System programming in D (Was: The God Language)

Don nospam at nospam.com
Thu Dec 29 06:44:39 PST 2011


On 29.12.2011 12:19, Vladimir Panteleev wrote:
> On Thursday, 29 December 2011 at 09:16:23 UTC, Walter Bright wrote:
>> Are you a ridiculous hacker? Inline x86 assembly that the compiler
>> actually understands in 32 AND 64 bit code, hex string literals like
>> x"DE ADB EEF" where spacing doesn't matter, the ability to set data
>> alignment cross-platform with type.alignof = 16, load your shellcode
>> verbatim into a string like so: auto str = import("shellcode.txt");
>
> I would like to talk about this for a bit. Personally, I think D's
> system programming abilities are only half-way there. Note that I am not
> talking about use cases in high-level application code, but rather
> low-level, widely-used framework code, where every bit of performance
> matters (for example: memory copy routines, string builders, garbage
> collectors).
>
> In-line assembler as part of the language is certainly neat, and in fact
> coming from Delphi to C++ I was surprised to learn that C++
> implementations adopted different syntax for asm blocks.
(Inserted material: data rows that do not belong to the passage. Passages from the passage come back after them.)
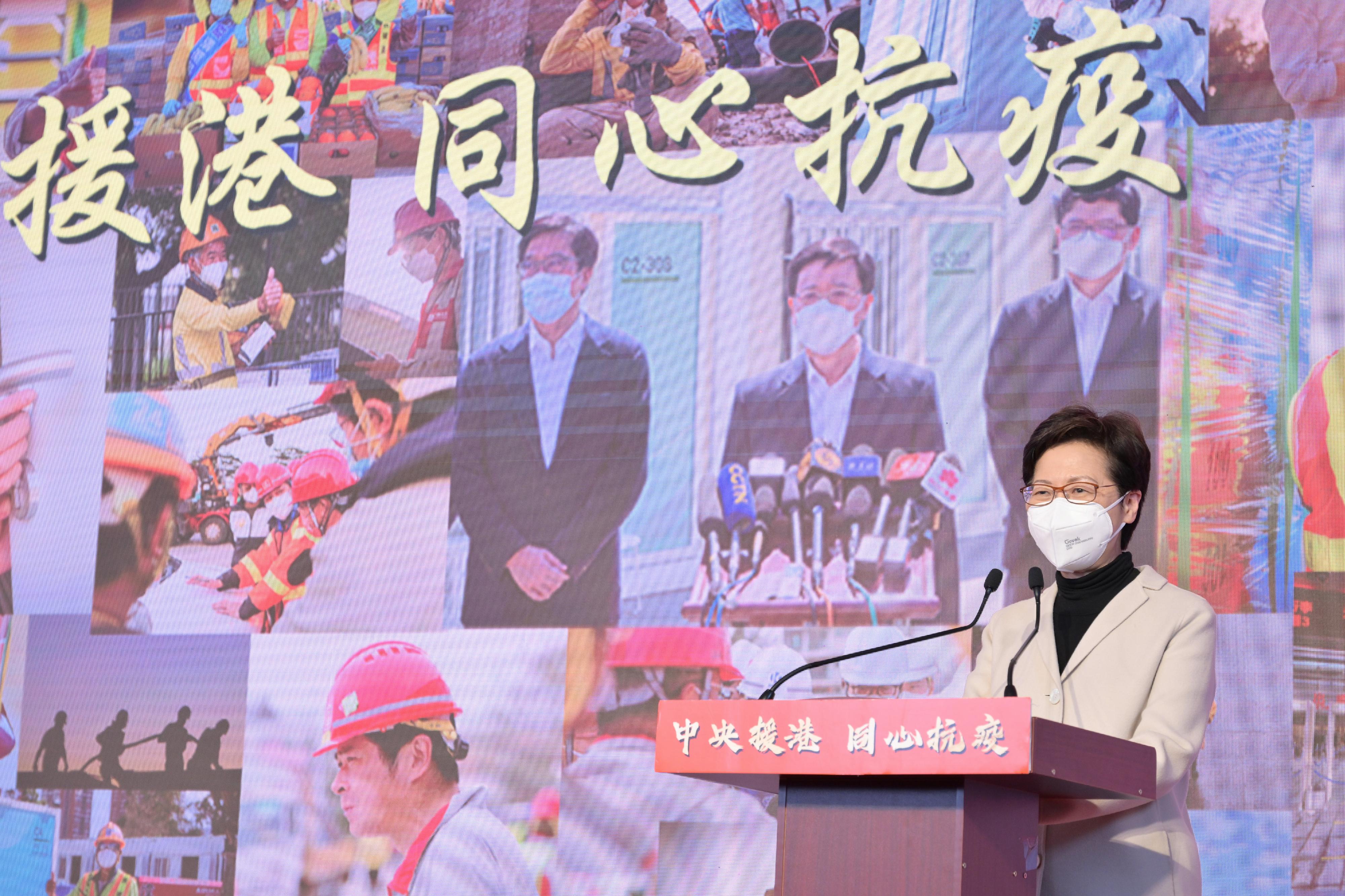 她再次感謝中央的全力支援、中聯辦的大力協調、建築團隊日以繼夜完成施工任務,以及三間發展商無償借出土地,展示民、商、官合作的精神。
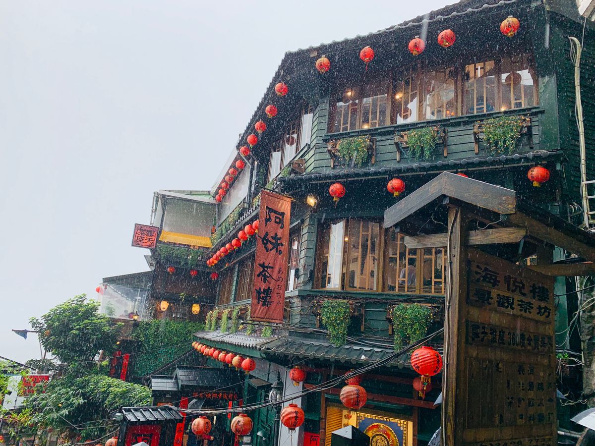 九份はあいにくの土砂降りでテンション下がり気味でしたが、頑丈な傘をお借りして出発。おしくらまんじゅうのようなメイン通りを常に気遣いながら先導してもらい、ご案内いただいたお茶のお店でゆっくり過ごすことができました。雨でなければ良い景色が見えたのに...それだけが残念。
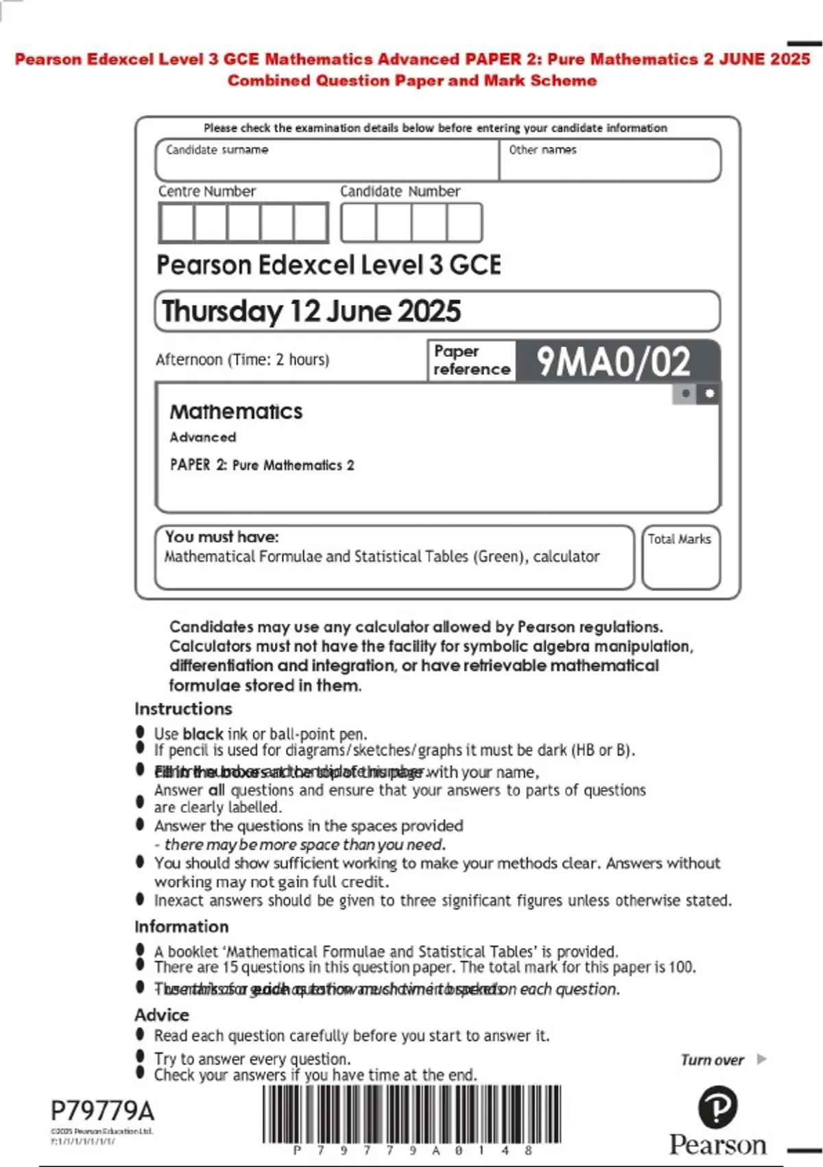 Pearson Edexcel Level 3 GCE Mathematics Advanced PAPER 2: Pure Mathematics 2 JUNE 2025 Combined Question Paper and Mark Scheme

However,
> compared to some C++ compilers, it has severe limitations and is D's
> only trick in this alley.
>
> For one thing, there is no way to force the compiler to inline a
> function (like __forceinline / __attribute((always_inline)) ).
[snip]
> Personally, I don't think D qualifies as a true "system programming
> language" in light of the above. It's more of a compiled language with
> pointers and assembler.

I don't think the situation is any different with DMC. I think that if D 
isn't a systems programming lanugage, neither is C or C++ without 
vendor-specific extensions.

But it doesn't really matter -- the main conclusion is still correct: D 
is missing some features which could improve performance considerably.

Before you disagree with any of the above, first
> (for starters) I'd like to invite you to translate Daniel Vik's C memcpy
> implementation to D:

> http://www.danielvik.com/2010/02/fast-memcpy-in-c.html . It doesn't even
> use inline assembler or compiler intrinsics.

Note that the memcpy described there is _far_ from optimal. Memcpy is 
all about cache effciency. DMD translates memcpy to the single 
instruction "rep movsd" which you'd think would be optimal, but you can 
actually beat it by a factor of four or more for long lengths.